What you are saying seems possible, although it requires the collusion of two events, which seem already unlikely by themselves: an invalid bench and a network outage.

Although it does not give the full explanation. we should probably disable resurrecting finished tests using the "Modify" trick since this seems a recipe for bugs. But then we should only stop a test after several wrong benches, to avoid that a single worker with a HW defect ruins a test.

I don't think it would be wise to change the semantics of the existing stop_run so we may need a new api: wrong_bench. Unless we can use failed_task.

vdbergh commented 2 years ago

It seems failed_task currently does not write an action. This counts as a bug I think.

ppigazzini commented 2 years ago

I don't understand what the failed_task api does, we call it after a successful games() call too. From git blame that logic is 9 years old. (BTW we should drop all the except: pass) https://github.com/glinscott/fishtest/blob/278a946a191fed9e2d45f5258b0fd93c846dc382/worker/worker.py#L232-L254

vdbergh commented 2 years ago

You are right. It seems that all failed_task does is to set task["active"]=False (this means no worker is working on this task). It does not mean failure. So failed_task is misnomer.

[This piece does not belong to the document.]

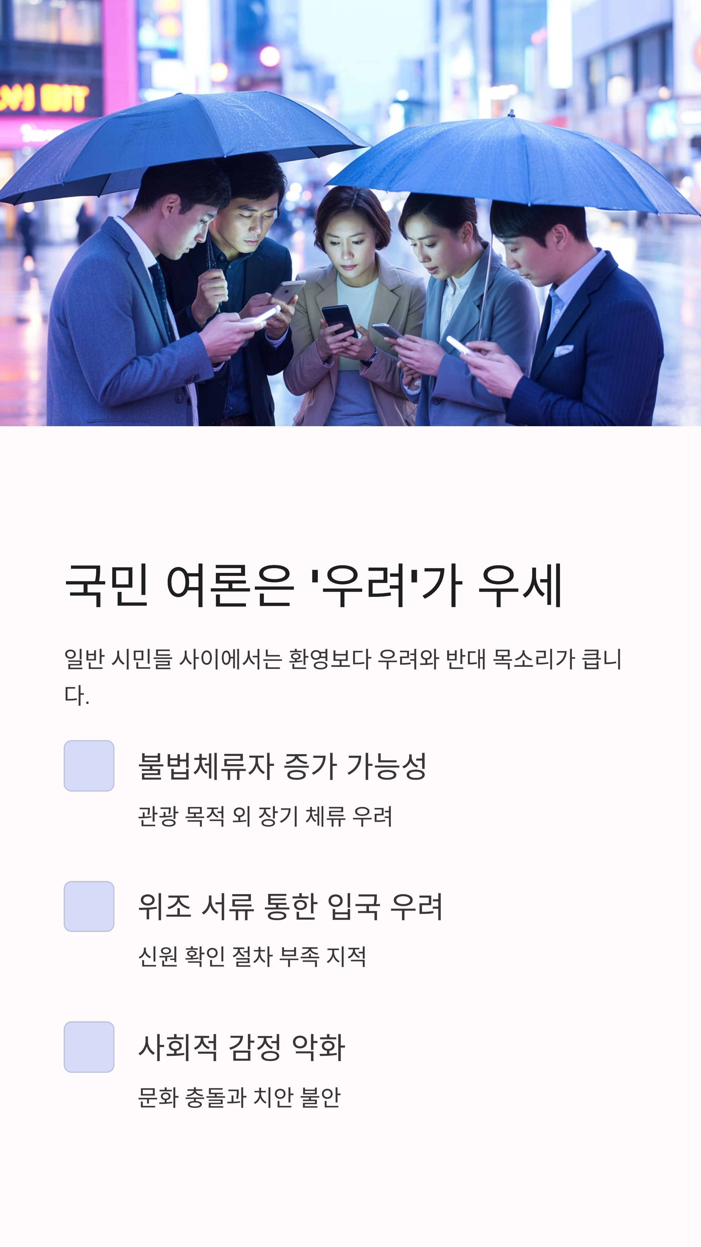 치안 불안, 불법체류 증가, 감정적 반발 등 현실적인 우려도 커지는 상황.

vdbergh commented 2 years ago

Still I wonder if failed_task is actually called after successful completion of the task. It should execute the following statement

print(
            "Inactive: https://tests.stockfishchess.org/tests/view/{} {} {}".format(
                run_id, task if DEBUG else task_id, worker_name(task["worker_info"])
            ),
            flush=True,
        )
ppigazzini commented 2 years ago

EDIT_000: finally: clause is executed no matter what, and is generally used to release external resources.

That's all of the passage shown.